Finding similar words.
One very basic operation is to find similar words. This can be quite useful in an information retrieval context. If you’re searching for a term, you should know what other words are related to refined your search; if you’re plotting words in Ngrams or Bookworm, you need to know what other synonyms might exist to see the difference between them.
So here are some examples. In each case, we take the full set of vectors, and then ask it for the nearest words to the vector defined by the vectors of a single word.

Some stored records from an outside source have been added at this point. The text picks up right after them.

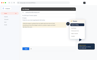 Denna skrivassistent är utformad för att fungera smidigt överallt på webben. Användare kan enkelt aktivera verktyget genom att välja text, använda en högerklicksmeny eller en snabbkommandotangent. Pluume gör det möjligt att skriva från grunden med en popup-funktion, vilket gör det till ett mångsidigt verktyg för både professionella och personliga skrivbehov.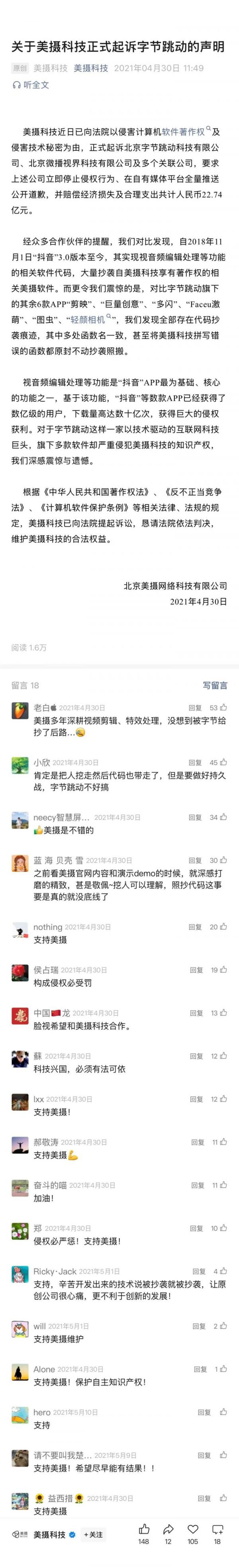 2021 年 5 月,美摄科技发布文章称,已向法院以侵害计算机软件著作权及侵害技术秘密为由,正式起诉北京字节跳动科技有限公司、北京微播视界科技有限公司及多个关联公司,要求上述公司立即停止侵权行为、在自有媒体平台全量推送公开道歉,并赔偿经济损失及合理支出共计人民币 22.74 亿元。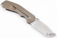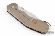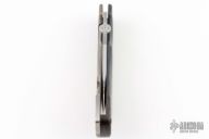 This Razel from Jon Graham features a satin finish blade with knurled thumbdisc, and notched blade spine. The handle is comprised of an anodized and textured titanium frame with a red carbon fiber scale, over a carbon fiber backspacer. Orange peel finish titanium pivot and tip up tail clip. Blade favors the right side slightly. Nice action and detent. Has a couple light scuffs, excellent condition otherwise.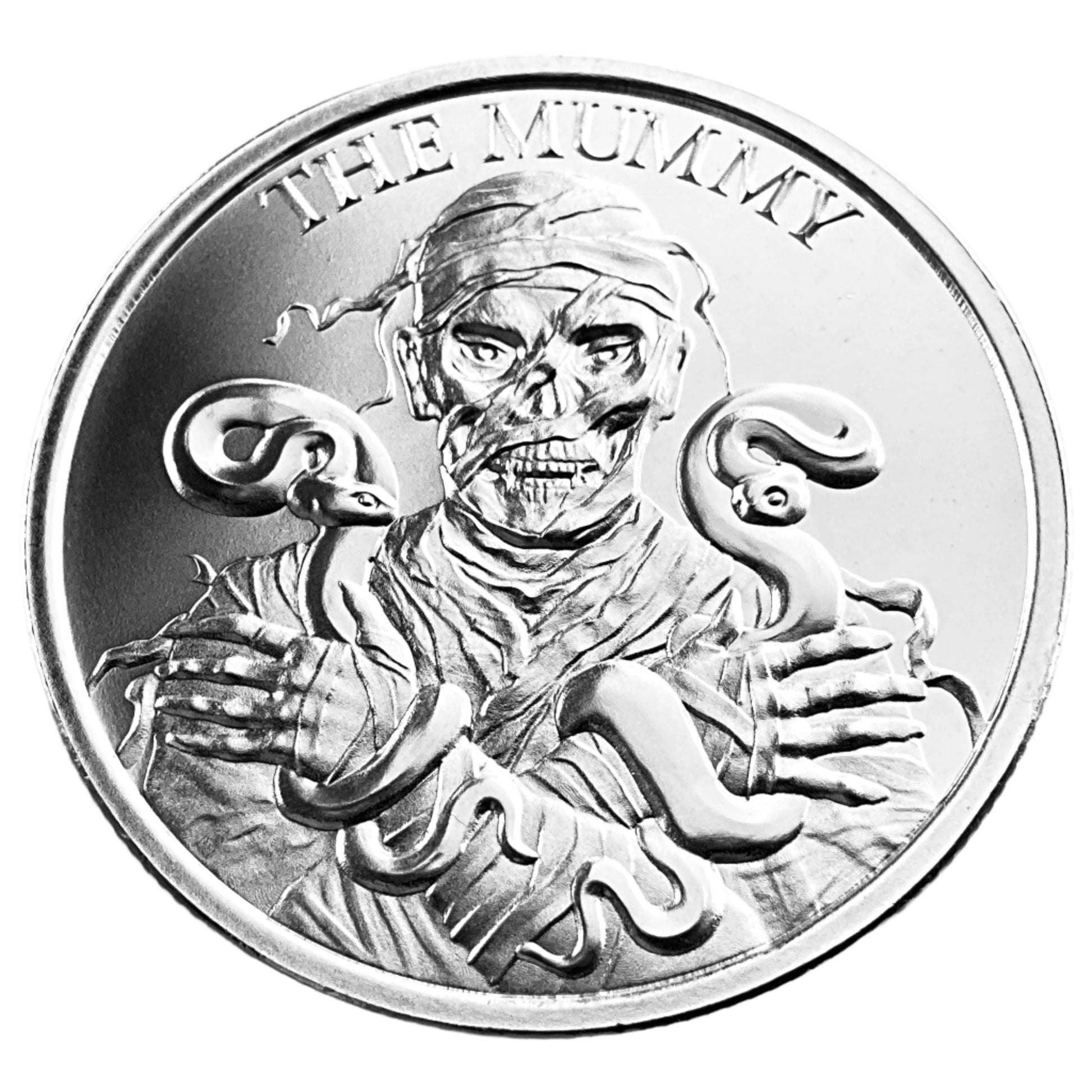 The image shows a silver round featuring "The Mummy" from the Vintage Horror Series.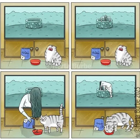 А кто сказал, что ему не насыпают сухого корма? Выдал вчера пакетик влажного корма, так он его и не стал есть. Требует натюрпродукт.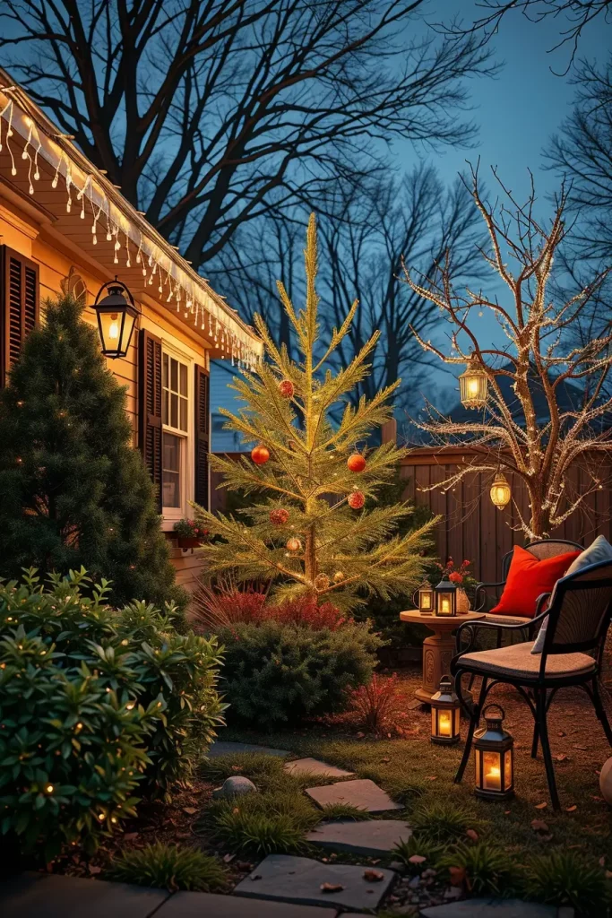 I prefer overhead string lights or rope lights on the pergolas on patios. It is no wonder to add illuminated planters, glowing lanterns, and comfortable outdoor furniture including rattan chairs with cushions. Balance is also achieved through small lighted trees or potted evergreens in a small space.

chronam_vectors %>% nearest_to(chronam_vectors[["judge"]]) %>% round(3)
## judge judges magistrate Judge justice udge
## 0.000 0.329 0.361 0.378 0.412 0.414
## bench court supreme lawyer
## 0.423 0.423 0.430 0.440
The closest words to “judge” are all legal terms: the bench, the court, lawyer. The only odd element is the word “udge”; but remember, Chronicling America is one of the messiest sources of text out there, so common OCR misreadings should be close. How close, is a difficult question.
chronam_vectors %>% nearest_to(chronam_vectors[["oysters"]]) %>% round(3)
## oysters clams crabs fish oyster lobster flsh salmon
## 0.000 0.165 0.199 0.251 0.256 0.268 0.273 0.331
## mackerel fried
## 0.351 0.359
Oysters is another nice example of a word that means something: everything that appears is related to seafood except for “fried.” (And another OCR error, “flsh.”)
chronam_vectors %>% nearest_to(chronam_vectors[["funny"]]) %>% round(3)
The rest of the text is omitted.